# Exercise
After locating the line with "数据中包含仍未付款的订单( paymentDate 值为" below, output it and each following line exactly, stopping after the line with "シンプルなデザインの細身 エナメル ニーハイブーツ". No pictures.

# Data for analysis
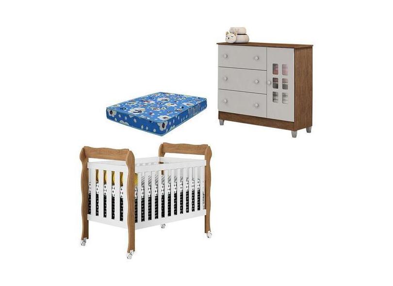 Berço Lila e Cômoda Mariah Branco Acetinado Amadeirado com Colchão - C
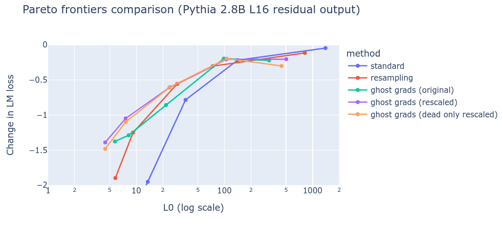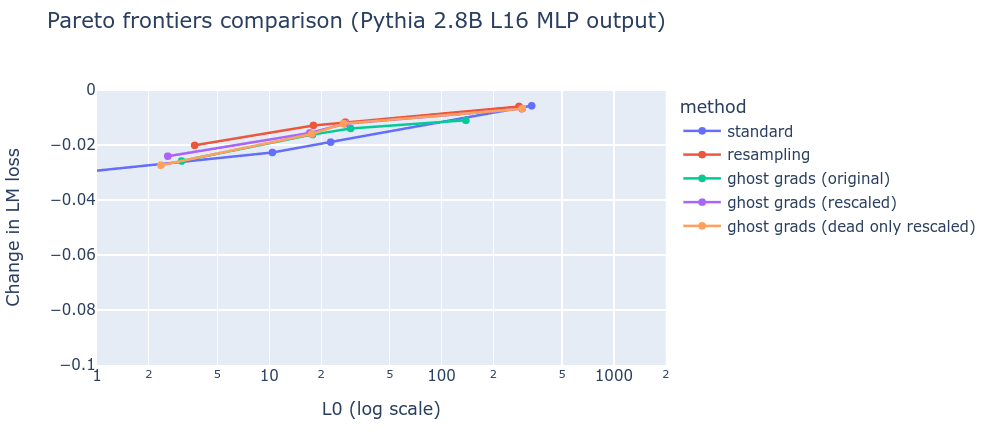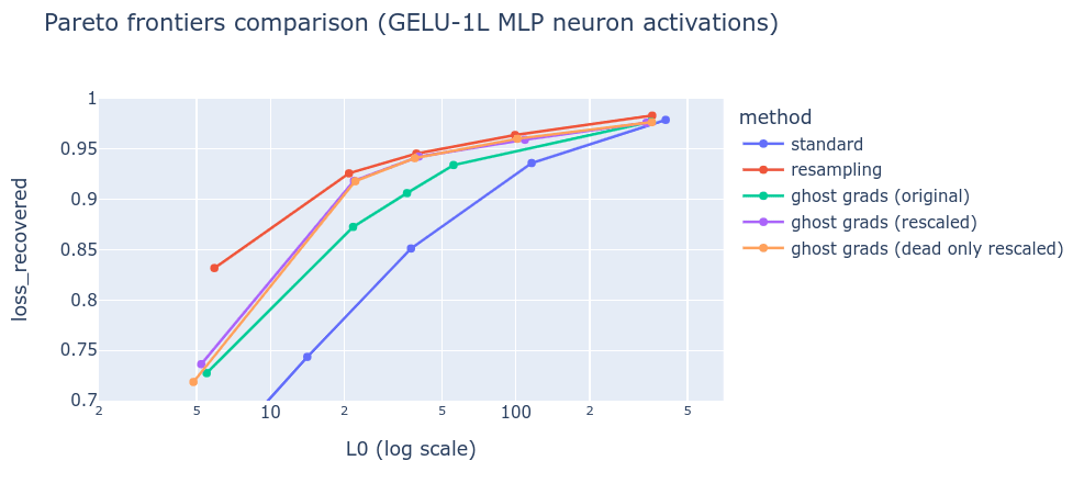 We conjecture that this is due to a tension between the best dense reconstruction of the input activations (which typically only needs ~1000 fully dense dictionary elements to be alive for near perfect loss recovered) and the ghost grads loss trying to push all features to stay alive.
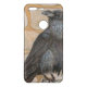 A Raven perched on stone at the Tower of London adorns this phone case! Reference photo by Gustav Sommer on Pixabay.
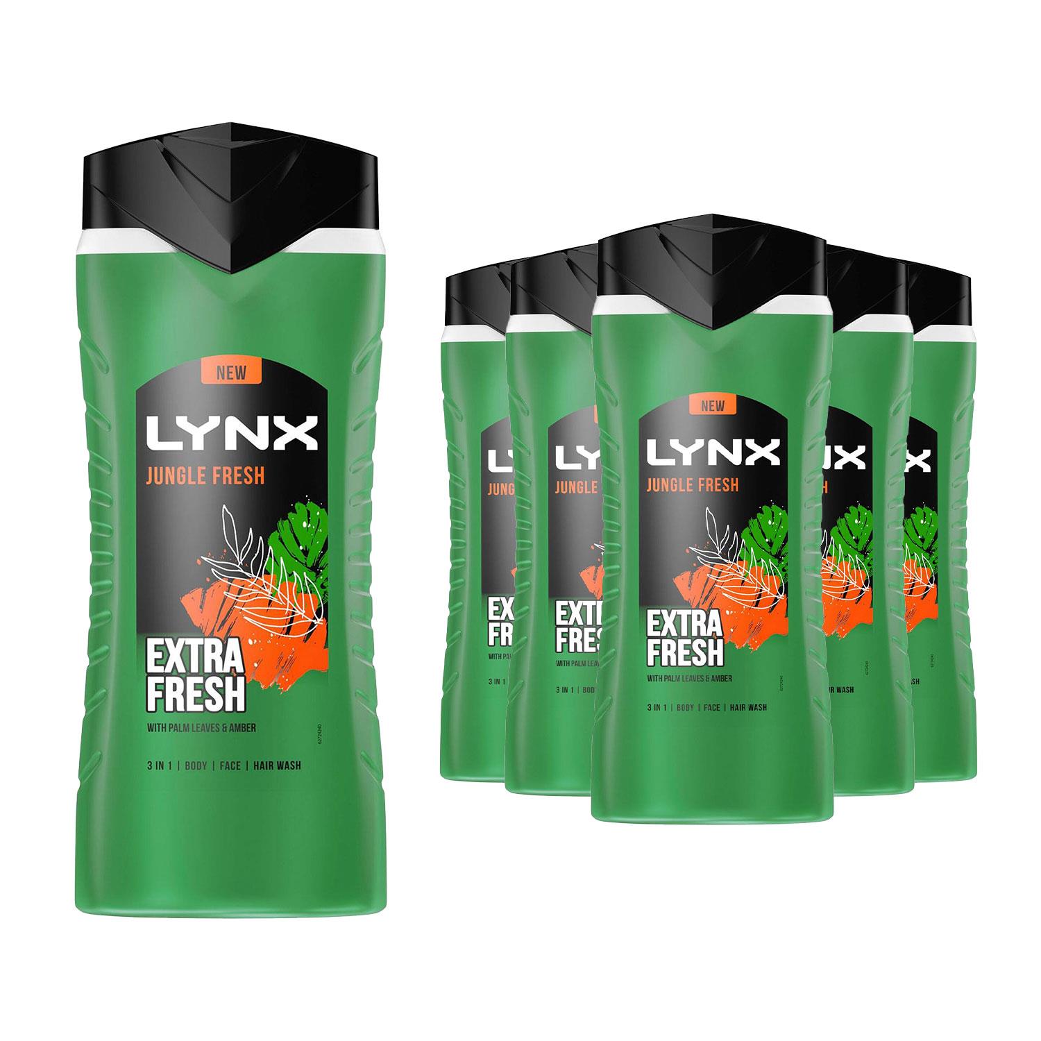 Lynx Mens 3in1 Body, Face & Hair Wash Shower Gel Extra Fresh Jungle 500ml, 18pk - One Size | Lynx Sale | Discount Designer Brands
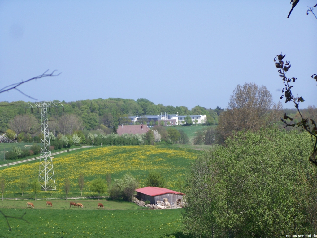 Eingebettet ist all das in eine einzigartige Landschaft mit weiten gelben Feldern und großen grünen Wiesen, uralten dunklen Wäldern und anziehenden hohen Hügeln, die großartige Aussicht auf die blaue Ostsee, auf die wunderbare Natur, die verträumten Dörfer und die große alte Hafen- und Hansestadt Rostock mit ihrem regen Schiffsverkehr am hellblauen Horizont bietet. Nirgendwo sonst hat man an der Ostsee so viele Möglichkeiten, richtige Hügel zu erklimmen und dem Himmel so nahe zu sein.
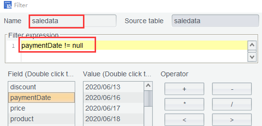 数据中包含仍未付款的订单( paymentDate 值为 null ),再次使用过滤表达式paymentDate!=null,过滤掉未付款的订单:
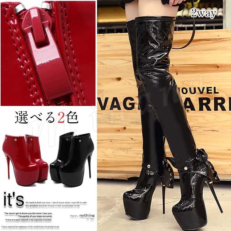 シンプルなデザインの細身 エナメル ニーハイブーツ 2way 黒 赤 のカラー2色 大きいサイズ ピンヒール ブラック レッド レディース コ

---

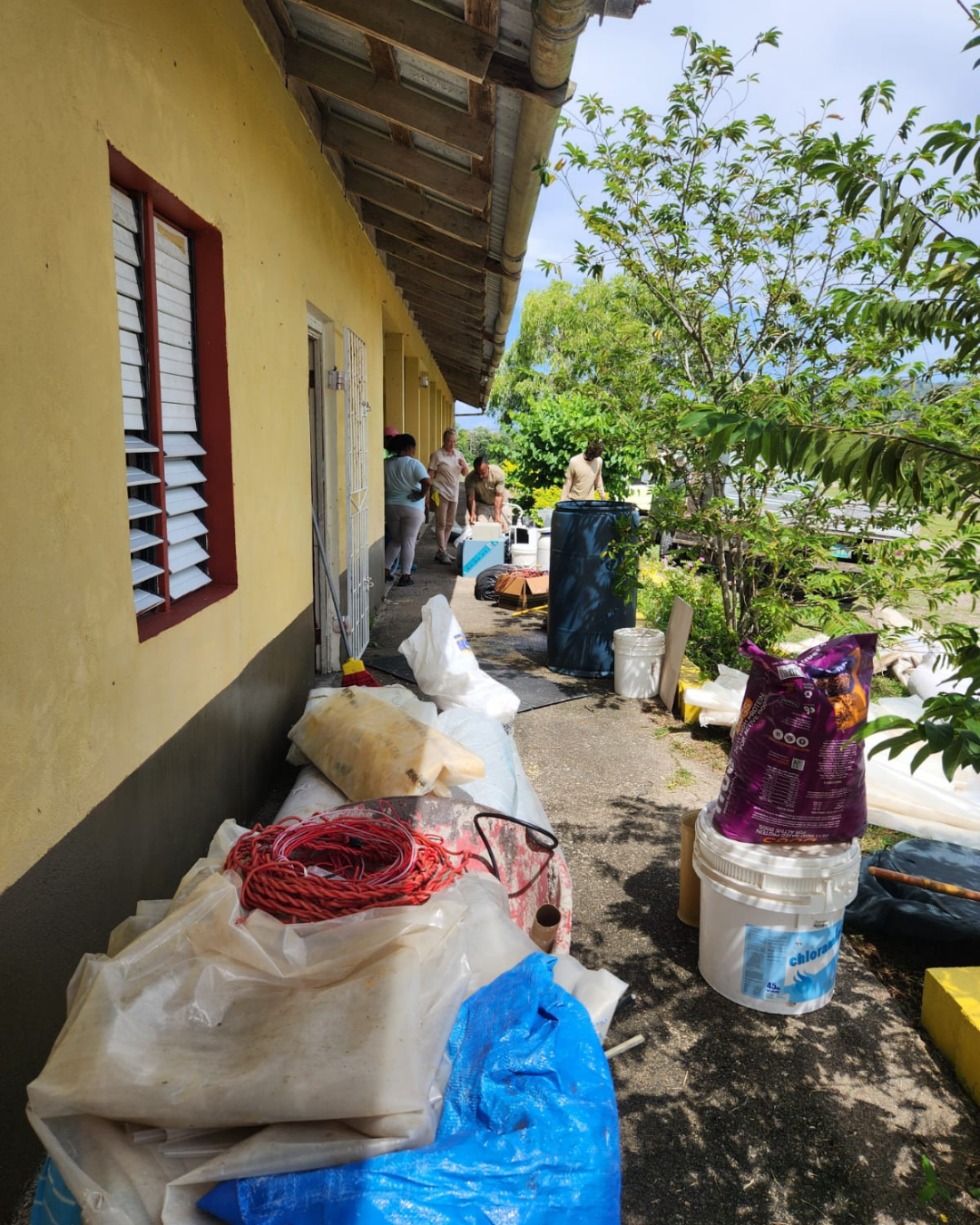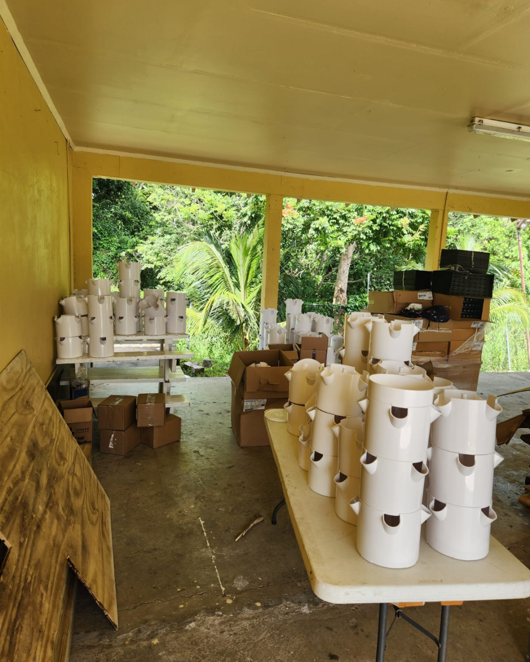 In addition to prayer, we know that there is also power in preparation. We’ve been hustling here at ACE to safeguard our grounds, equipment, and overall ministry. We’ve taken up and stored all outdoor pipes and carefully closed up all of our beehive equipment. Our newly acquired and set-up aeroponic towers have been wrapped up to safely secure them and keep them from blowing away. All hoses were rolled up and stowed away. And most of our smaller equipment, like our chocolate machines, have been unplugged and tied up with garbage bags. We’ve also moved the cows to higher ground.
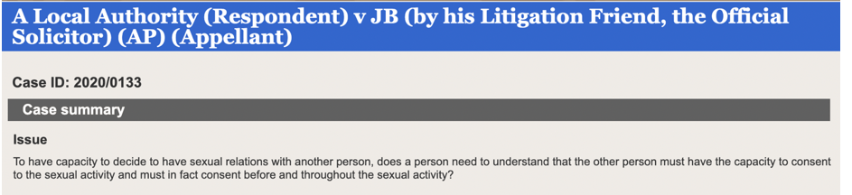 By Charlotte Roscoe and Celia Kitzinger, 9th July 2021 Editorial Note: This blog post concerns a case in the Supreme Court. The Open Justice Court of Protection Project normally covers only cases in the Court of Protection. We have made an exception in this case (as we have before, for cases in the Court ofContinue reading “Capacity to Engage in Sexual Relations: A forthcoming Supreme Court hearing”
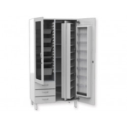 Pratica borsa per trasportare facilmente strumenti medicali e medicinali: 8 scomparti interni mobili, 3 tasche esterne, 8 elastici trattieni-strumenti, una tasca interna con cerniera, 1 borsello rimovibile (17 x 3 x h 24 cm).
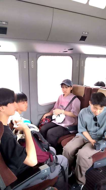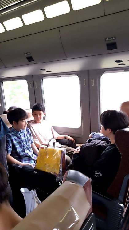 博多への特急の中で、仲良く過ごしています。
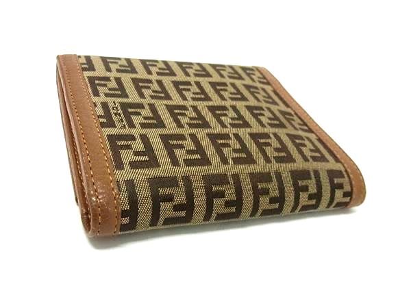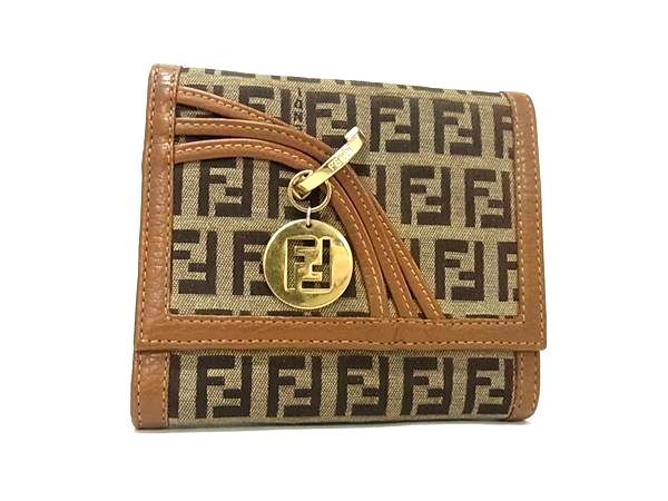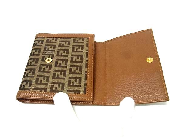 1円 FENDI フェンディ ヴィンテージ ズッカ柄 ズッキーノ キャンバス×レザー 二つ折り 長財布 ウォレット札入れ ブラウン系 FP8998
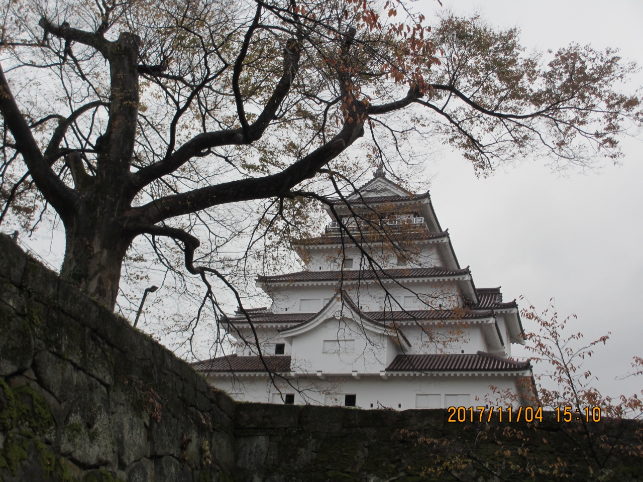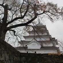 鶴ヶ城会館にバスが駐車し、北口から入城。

# Solution for this exercise
 数据中包含仍未付款的订单( paymentDate 值为 null ),再次使用过滤表达式paymentDate!=null,过滤掉未付款的订单:
 シンプルなデザインの細身 エナメル ニーハイブーツ 2way 黒 赤 のカラー2色 大きいサイズ ピンヒール ブラック レッド レディース コ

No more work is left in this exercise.